▸ **Input**:
= = = = = = =

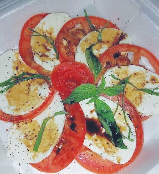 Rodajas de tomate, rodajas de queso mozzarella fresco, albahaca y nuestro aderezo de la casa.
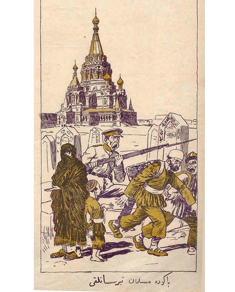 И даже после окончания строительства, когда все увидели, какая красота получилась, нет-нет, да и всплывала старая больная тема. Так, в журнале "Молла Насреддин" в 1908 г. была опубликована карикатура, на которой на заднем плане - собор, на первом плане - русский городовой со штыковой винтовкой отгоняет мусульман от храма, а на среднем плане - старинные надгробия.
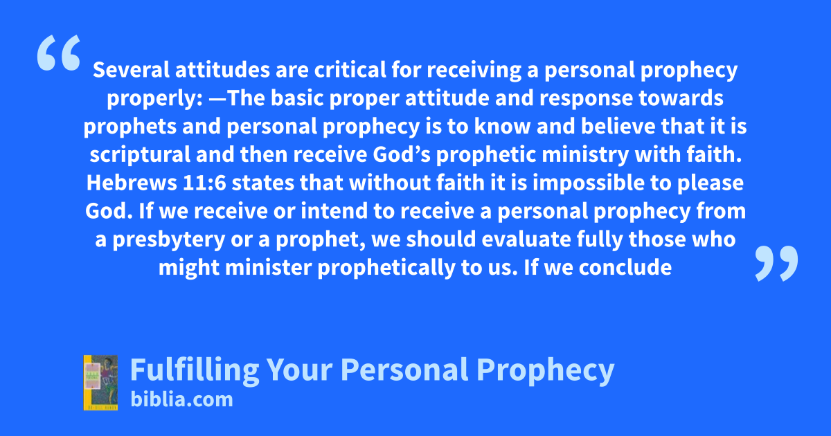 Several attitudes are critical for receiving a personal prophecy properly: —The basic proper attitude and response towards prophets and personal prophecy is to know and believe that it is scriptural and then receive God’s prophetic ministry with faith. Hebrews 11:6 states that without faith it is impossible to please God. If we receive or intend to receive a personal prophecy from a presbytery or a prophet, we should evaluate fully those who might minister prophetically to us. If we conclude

= = = = = = =

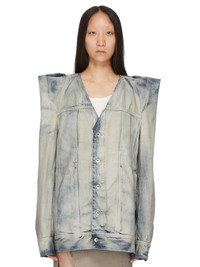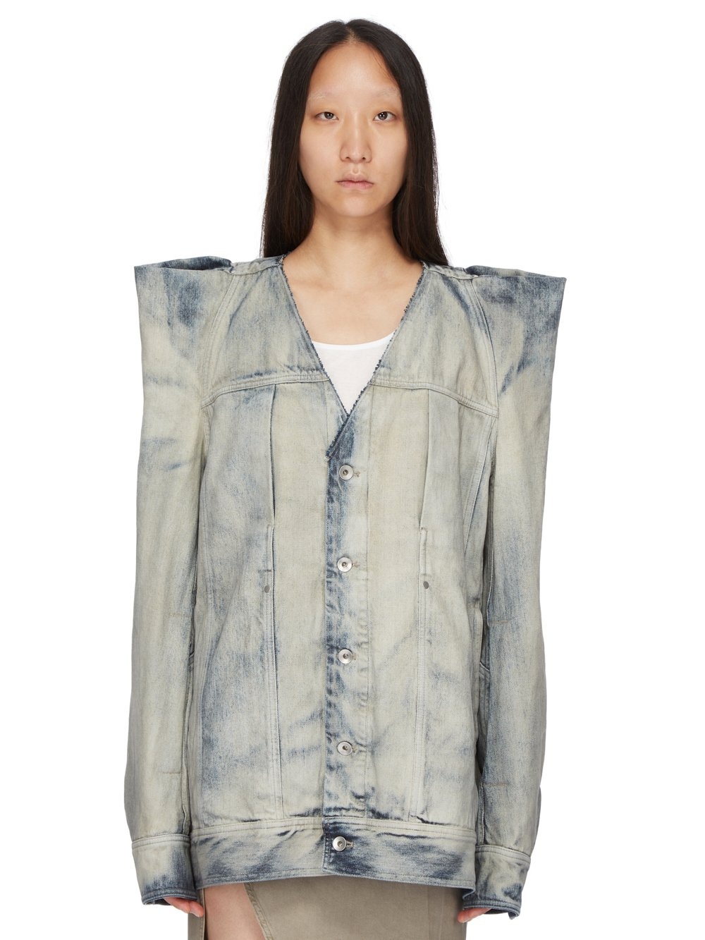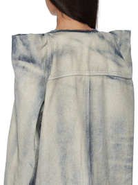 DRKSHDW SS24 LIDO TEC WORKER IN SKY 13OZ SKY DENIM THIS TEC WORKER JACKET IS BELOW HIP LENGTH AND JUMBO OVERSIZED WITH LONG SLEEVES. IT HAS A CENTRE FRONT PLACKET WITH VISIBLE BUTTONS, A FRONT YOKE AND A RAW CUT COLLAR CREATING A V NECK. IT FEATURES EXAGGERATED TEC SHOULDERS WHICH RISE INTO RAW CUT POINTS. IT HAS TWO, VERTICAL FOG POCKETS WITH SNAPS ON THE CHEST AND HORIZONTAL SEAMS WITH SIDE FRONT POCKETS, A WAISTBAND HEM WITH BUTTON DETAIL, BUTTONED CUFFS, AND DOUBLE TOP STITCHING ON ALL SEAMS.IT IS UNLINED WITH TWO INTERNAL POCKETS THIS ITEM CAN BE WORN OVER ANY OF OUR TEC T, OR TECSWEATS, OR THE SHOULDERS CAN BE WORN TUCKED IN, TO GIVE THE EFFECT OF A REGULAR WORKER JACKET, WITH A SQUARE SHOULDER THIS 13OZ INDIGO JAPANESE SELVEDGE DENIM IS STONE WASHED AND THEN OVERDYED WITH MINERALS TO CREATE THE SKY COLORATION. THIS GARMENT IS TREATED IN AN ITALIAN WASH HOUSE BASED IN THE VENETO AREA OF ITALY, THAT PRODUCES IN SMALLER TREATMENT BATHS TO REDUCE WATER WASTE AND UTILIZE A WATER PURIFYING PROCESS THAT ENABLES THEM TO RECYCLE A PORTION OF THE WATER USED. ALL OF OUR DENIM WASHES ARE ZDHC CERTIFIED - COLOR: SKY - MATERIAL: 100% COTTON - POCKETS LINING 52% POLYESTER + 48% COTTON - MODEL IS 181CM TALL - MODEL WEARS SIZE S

= = = = = = =

▸ **Exercise brief**: Would you output the lines above from the line holding "Rodajas de tomate, rodajas" up to and including the line holding "И даже после", exactly and only those, with no pictures?

▸ **Response area**:
 Rodajas de tomate, rodajas de queso mozzarella fresco, albahaca y nuestro aderezo de la casa.
 И даже после окончания строительства, когда все увидели, какая красота получилась, нет-нет, да и всплывала старая больная тема. Так, в журнале "Молла Насреддин" в 1908 г. была опубликована карикатура, на которой на заднем плане - собор, на первом плане - русский городовой со штыковой винтовкой отгоняет мусульман от храма, а на среднем плане - старинные надгробия.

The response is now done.